He told IRB officials he hadn't slept in seven nights when they first questioned him.
The men initially claimed to be of Iraqi descent and gave fake names before later admitting they were from Morocco.
The baby-faced young man confessed that he'd once spent eight months in jail. He said he wanted to leave his country for a better life elsewhere.
"My goal was to work to help my family," he said in his brief remarks Friday.
The group's arrest made headlines Thursday.
Such cases are generating particular interest as the Harper government promises a legislative crackdown on immigration queue-jumping.
Canada once held a reputation as a leading destination for illegal stowaways but the country doesn't routinely appear on lists anymore from the International Maritime Shipping Organization.
The organization says Italy is now the hot destination for illegal migrants seeking an easy port of entry.
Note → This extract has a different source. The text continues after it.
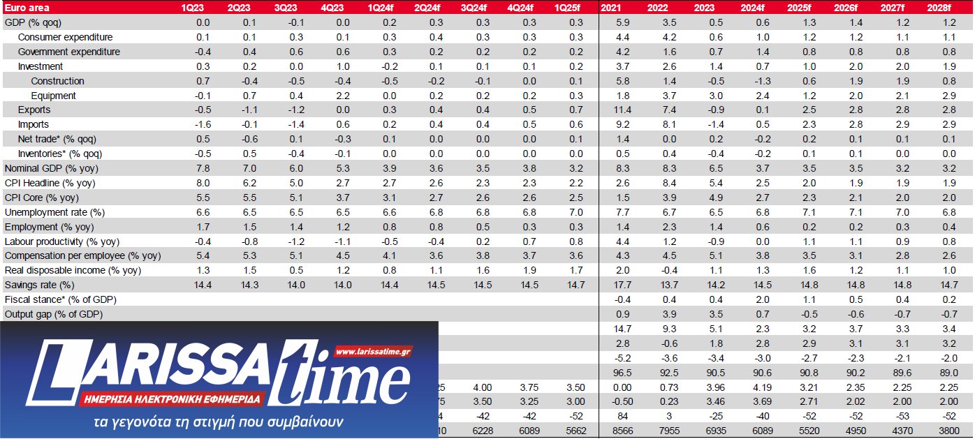 Αναφορικά με ολόκληρη την Ευρωζώνη, η Societe Generale, η αύξηση του ΑΕΠ ήταν ασθενής από το 4ο τρίμηνο του 2022, ενώ η απασχόληση παρέμεινε στάσιμη. Η γαλλική τράπεζα αναμένει παρόμοια υποτονική/υποδυνητική ανάπτυξη φέτος αλλά όχι (βαθιά) ύφεση. Οι προοπτικές για το 2025 θα εξαρτηθούν σε μεγάλο βαθμό από την έκταση της δημοσιονομικής σύσφιξης, η οποία έχει ήδη προγραμματιστεί να είναι σημαντική.
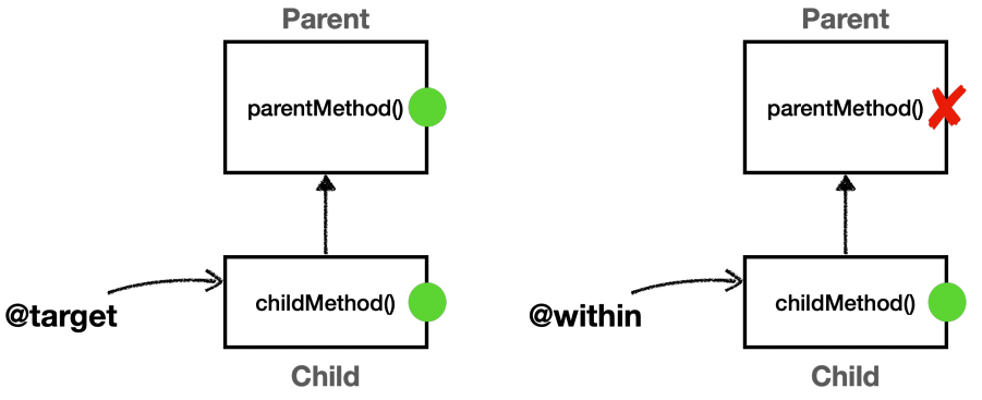 Child 클래스에 정의되어 있지 않기 때문에 @within 에서 AOP 적용 대상이 되지 않는다.

Montreal and Halifax were regular destinations for Romanian migrants in the late 1990s.
Nearly 500 Tamil migrants did arrive by ship in B.C. this summer, and the Tory government eagerly drew attention to the case to bolster its argument for immigration reforms.
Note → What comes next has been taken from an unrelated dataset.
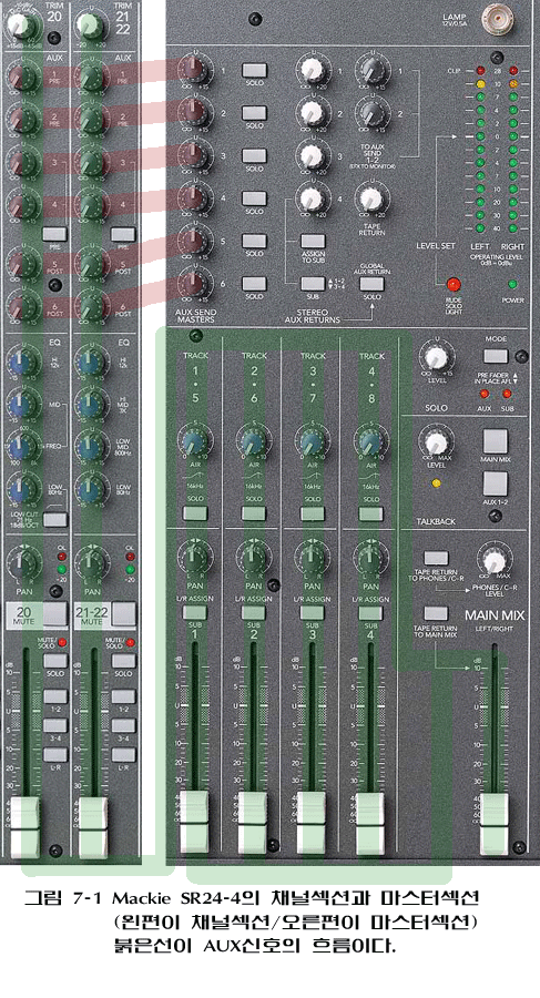 믹서의 주 신호 흐름은, 그림 7-1의 녹색 선 처럼, 신호가 위에서 아래로 죽~ 내려간다고 생각하면 편하다고 했다. 그런데, 그와는 달리 가로방향으로 붉은 선이 하나 그려져 있다. 각 채널의 AUX1이 마스터섹션의 AUX1로 모이고, 각 채널의 AUX2가 마스터섹션의 AUX2로 모이고.. 채널섹션에 있는 AUX놉 (Knob : 돌릴 수 있는 손잡이가 붙은 형태의 스위치를 뜻한다.) 들은 해당하는 채널의 소리를 AUX1부터 AUX6까지 얼마나 보낼것인가를 조절하는 놉이다.
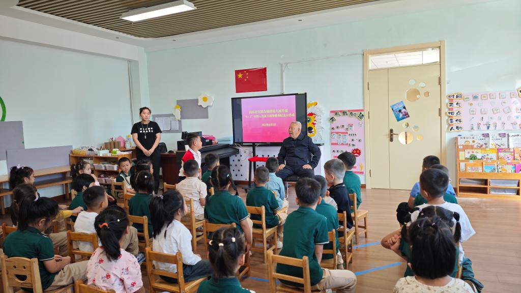 9月3日上午,博乐市锦绣幼儿园开展以“铭记历史,吾辈自强”为主题的抗日战争胜利纪念日主题宣讲活动。参战老兵薛荣和讲述了自己的战斗故事。

This week's stowaways, who all come from the same neighbourhood in Morocco, say they weren't part of any organized smuggling ring.
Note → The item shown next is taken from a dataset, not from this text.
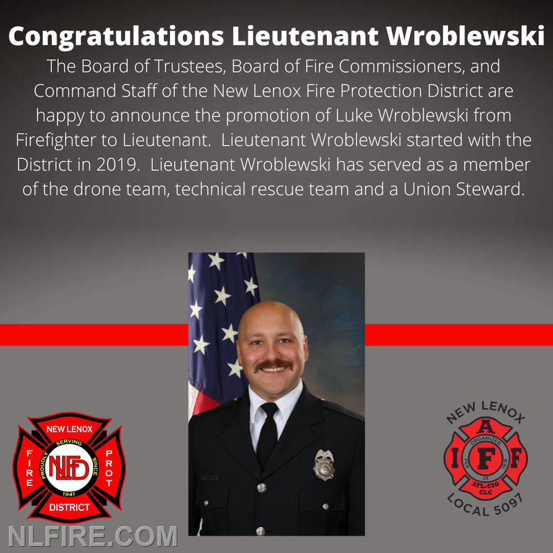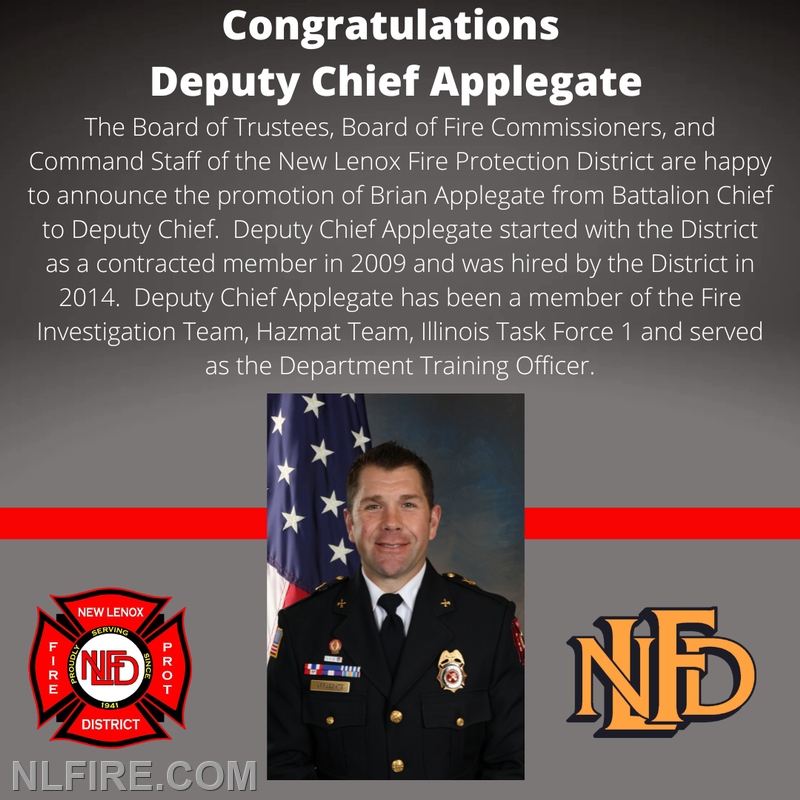 | The New Lenox Fire Protection District (NLFPD) Board of Commissioners is proud to announce the promotion of three dedicated members to its leadership ranks. Following the approval by the Commissioners to fill current vacancies, Brian Applegate has been promoted to Deputy Chief, Daniel Vanek to Battalion Chief, and Lucas Wroblewski to Lieutenant.

Montreal lawyer Jamal Fraygui, who represented two of the men, said his clients had been through a harrowing ordeal.
He called their initial contact with Canadian authorities a "terrifying welcome" as the men were questioned in the most "inhuman" conditions, on the ship at 3 a.m.
"My client is collaborating with authorities and he's prepared to furnish documents to prove his identity," Fraygui said.
"You can see from the evidence presented . . . that it was not really a structured ring, it was residents of a neighbourhood that decided to take the risk."
Two others who have not claimed refugee status will have detention review hearings on Tuesday in Montreal.
Refugee hearings could take some time.
IRB spokesman Robert Gervais said that, under the refugee-claims process, the men's case might only be heard in several months "or maybe a year from now."